**Exercise instructions**
The records are to be copied word for word, and the pictures dropped.

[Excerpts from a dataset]

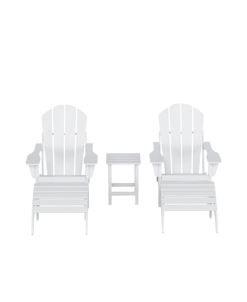 Sit back, relax, and catch a tan or enjoy some family time on this 5-piece Adirondack chair with ottoman and table set. Perfect for the outdoors, the Hdpe construction can withstand the outdoor elements. Sit down in comfort with the wide armrests, contoured, waterfall seat and low seat depth.
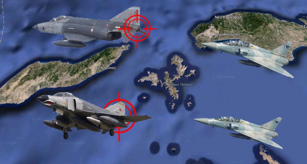 Ζεύγος Ελληνικών μαχητικών πήρε στο κυνήγι τα οπλισμένα F-16 που εγκτατέλειψαν τον σχηματισμό ενώ η τετράδα πέρασε πάνω απο το νησί Ανθρωποφάγοι σε ύψος 5.000 ποδών αφού Ελληνικά Μιράζ 200-5 χωρίστηκαν κυνηγώντας τα Τούρκικα !
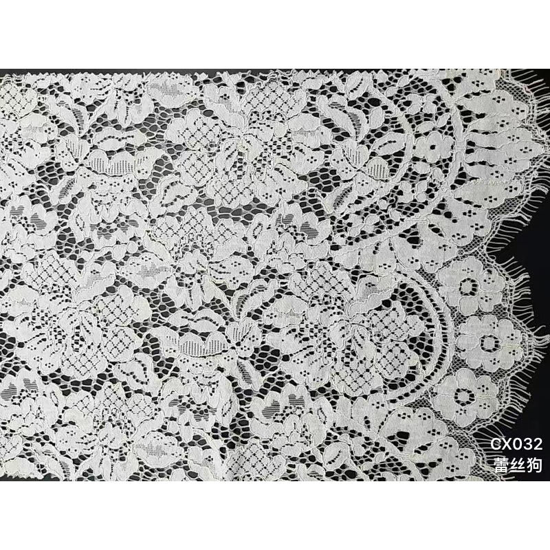 Suave blanco nupcial vestido de novia tela volante gran oferta francés pestañas Chantilly encaje poliéster Malla tela sostenible ganchillo
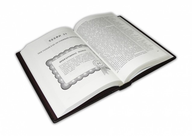Французька обкладинка ручної роботи виконана з натуральної італійської шкіри теля «Bordo». Обкладинка книги оформлена рельєфним «золотим» тисненням та об'ємними візерунками ручного тиснення. Обріз вручну полірований і позолочений сусальним золотом.
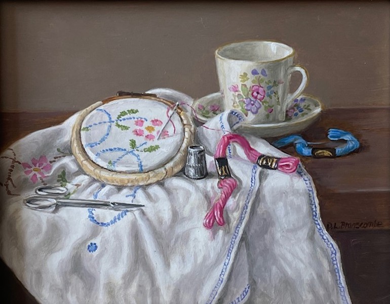 Still Life by Dianne Branscombe, Westcliffe Gallery Sheringham. 10482 Norfolk China and Clementines 3" x 4" £385
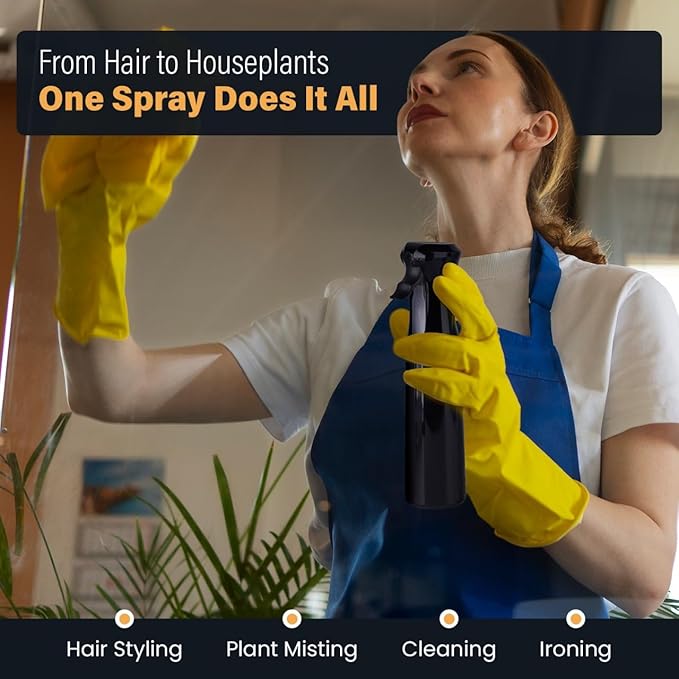 - The powerful and consistent spray of these continuous mist spray bottle can be used for various household and beauty purposes including cleaning, ironing, hair styling, watering plants, dispensing air fresheners, misting essential oils and much more.
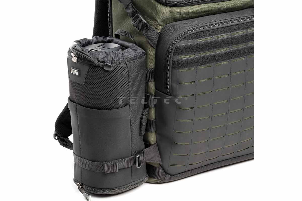 - Taktische Gurtschlaufen an der Seite ermöglichen die Befestigung von Think Tank-Modultaschen
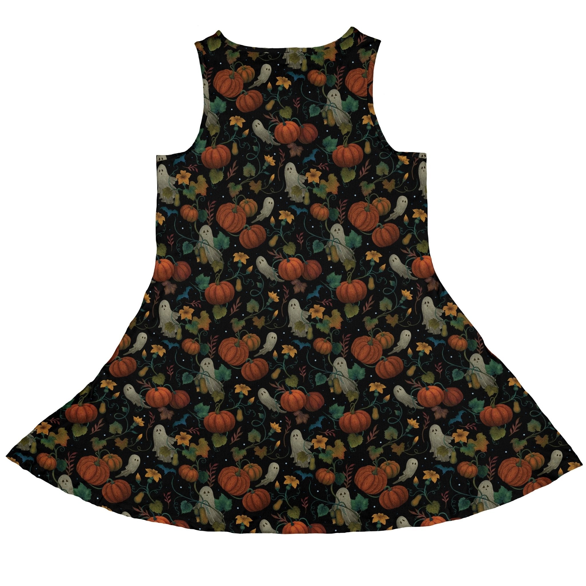 Meet the Pumpkin Ghosts Dress, a playful haunt for your wardrobe designed by Episodic. An all-over parade of pumpkins and friendly spectral pals sets the cozy-spooky tone for day or night. The fabric is soft with just-right stretch, the coverage stays opaque, and the deep side pockets are legit—yes, they’ll even handle your game controller.
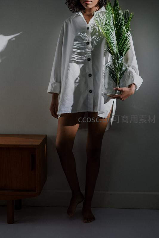 一位女性身着宽松白衬衫,手持玻璃瓶中的绿植,自然光透过叶片在衣物上投下斑驳影子,营造出宁静而富有艺术感的居家氛围。
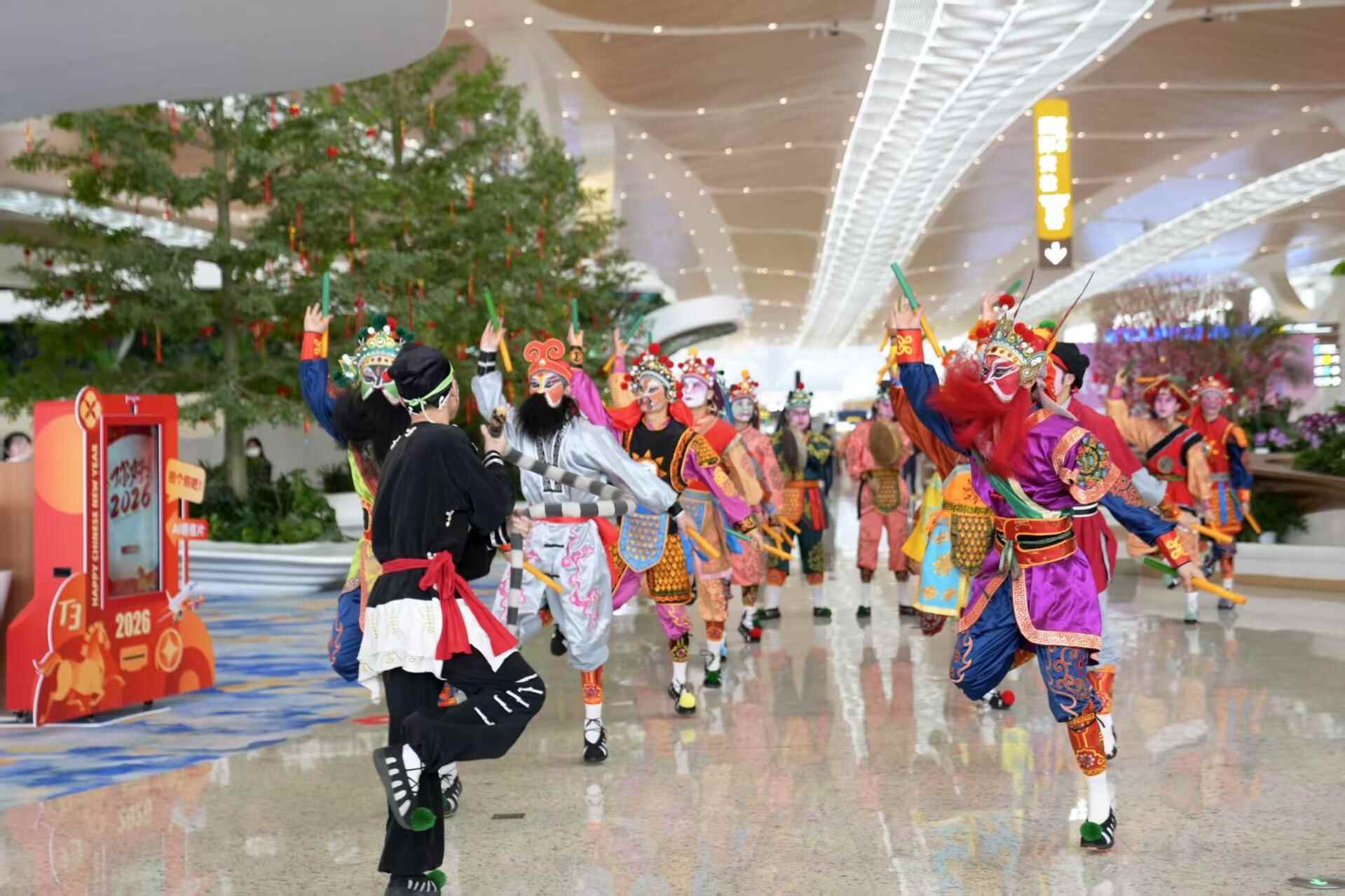这是大年二十八,正值春运返乡高峰,机场内不只聚集了踏上归途的游子,还有这群格外引人注目、穿着戏服、画着脸谱的英歌少年们。
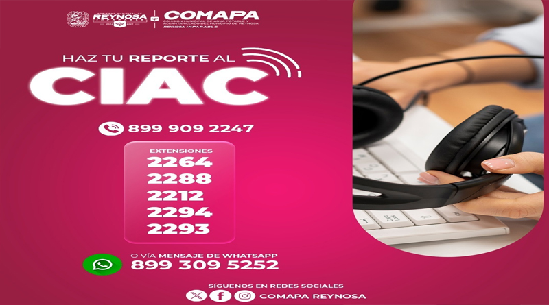 Reynosa, Tamaulipas.- Con el firme compromiso de mejorar los servicios de agua potable y drenaje sanitario, la Comisión Municipal de Agua Potable y Alcantarillado de Reynosa, pone a disposición de los usuarios el Centro Integral de Atención Ciudadana (CIAC), un canal de comunicación directo para la recepción y atención de reportes sobre incidencias en el suministro de agua y en la infraestructura sanitaria.

**Result of the exercise**
 Sit back, relax, and catch a tan or enjoy some family time on this 5-piece Adirondack chair with ottoman and table set. Perfect for the outdoors, the Hdpe construction can withstand the outdoor elements. Sit down in comfort with the wide armrests, contoured, waterfall seat and low seat depth.
 Ζεύγος Ελληνικών μαχητικών πήρε στο κυνήγι τα οπλισμένα F-16 που εγκτατέλειψαν τον σχηματισμό ενώ η τετράδα πέρασε πάνω απο το νησί Ανθρωποφάγοι σε ύψος 5.000 ποδών αφού Ελληνικά Μιράζ 200-5 χωρίστηκαν κυνηγώντας τα Τούρκικα !
 Suave blanco nupcial vestido de novia tela volante gran oferta francés pestañas Chantilly encaje poliéster Malla tela sostenible ganchillo
Французька обкладинка ручної роботи виконана з натуральної італійської шкіри теля «Bordo». Обкладинка книги оформлена рельєфним «золотим» тисненням та об'ємними візерунками ручного тиснення. Обріз вручну полірований і позолочений сусальним золотом.
 Still Life by Dianne Branscombe, Westcliffe Gallery Sheringham. 10482 Norfolk China and Clementines 3" x 4" £385
 - The powerful and consistent spray of these continuous mist spray bottle can be used for various household and beauty purposes including cleaning, ironing, hair styling, watering plants, dispensing air fresheners, misting essential oils and much more.
 - Taktische Gurtschlaufen an der Seite ermöglichen die Befestigung von Think Tank-Modultaschen
 Meet the Pumpkin Ghosts Dress, a playful haunt for your wardrobe designed by Episodic. An all-over parade of pumpkins and friendly spectral pals sets the cozy-spooky tone for day or night. The fabric is soft with just-right stretch, the coverage stays opaque, and the deep side pockets are legit—yes, they’ll even handle your game controller.
 一位女性身着宽松白衬衫,手持玻璃瓶中的绿植,自然光透过叶片在衣物上投下斑驳影子,营造出宁静而富有艺术感的居家氛围。
这是大年二十八,正值春运返乡高峰,机场内不只聚集了踏上归途的游子,还有这群格外引人注目、穿着戏服、画着脸谱的英歌少年们。
 Reynosa, Tamaulipas.- Con el firme compromiso de mejorar los servicios de agua potable y drenaje sanitario, la Comisión Municipal de Agua Potable y Alcantarillado de Reynosa, pone a disposición de los usuarios el Centro Integral de Atención Ciudadana (CIAC), un canal de comunicación directo para la recepción y atención de reportes sobre incidencias en el suministro de agua y en la infraestructura sanitaria.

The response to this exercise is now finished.